US prosecutors charge 2 North Carolina men for alleged murder in PHL
NEW YORK —Two North Carolina men were charged on Wednesday with killing a Filipino woman in 2012 in an international murder-for-hire plot, federal prosecutors in New York said.
Adam Samia, 41, and Carl David Stillwell, 47, were arrested at their homes in Roxboro, North Carolina, according to the office of Manhattan US Attorney Preet Bharara.
The two men are accused of traveling to the Philippines and murdering a woman there in February 2012 in exchange for a promised $35,000 each. The woman was shot multiple times in the face and left on a pile of garbage, prosecutors said.
Samia is a self-described "personal protection/security industry" professional trained in tactics and weapons, while Stillwell's resume claims he has worked at a North Carolina firm that provides firearms training, the indictment said.

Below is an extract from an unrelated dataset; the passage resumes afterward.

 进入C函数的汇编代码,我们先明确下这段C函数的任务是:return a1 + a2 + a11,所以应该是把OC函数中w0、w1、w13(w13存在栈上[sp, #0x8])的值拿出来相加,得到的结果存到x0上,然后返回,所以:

The two men were charged with conspiring to murder and kidnap in a foreign country, using a firearm to commit a violent crime and conspiring to launder money and face up to life in prison if convicted.
The indictment unsealed in Manhattan federal court on Wednesday did not identify the victim or the person who allegedly hired the two men and did not offer any explanation for the plot.

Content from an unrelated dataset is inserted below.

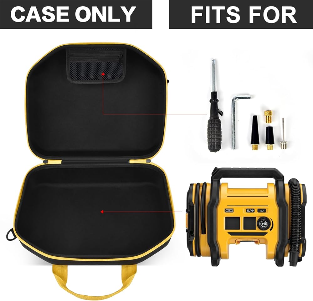 حالة التخزين لـ DeWalt Tyre Velatorator : تصميم حقيبة الأدوات لـ Dewalt 20V Max Tyre Velorator Cordless Air Compressor DCC020IB ، علبة مضخة بطارية الطاقة المحمولة مع إدراج إدراج إبرة نفخ ، 12 فولت DC PowerCord ، محول صمام Presta ، فوهة عالية الضغط ، حافظ على جميع مجموعة منظمة. الحجم الخارجي: A X B X C Inces (CASE فقط)

The men were also accused of laundering the money they received for the job by sending funds from the Philippines in increments to unnamed individuals in the United States.
"As alleged in the indictment, Samia and Stillwell traveled as hired guns from North Carolina to the Philippines to commit a cold-blooded murder," Bharara said in a statement. "After their contract killing, they allegedly covered their tracks by conspiring to launder the blood-money back to the United States."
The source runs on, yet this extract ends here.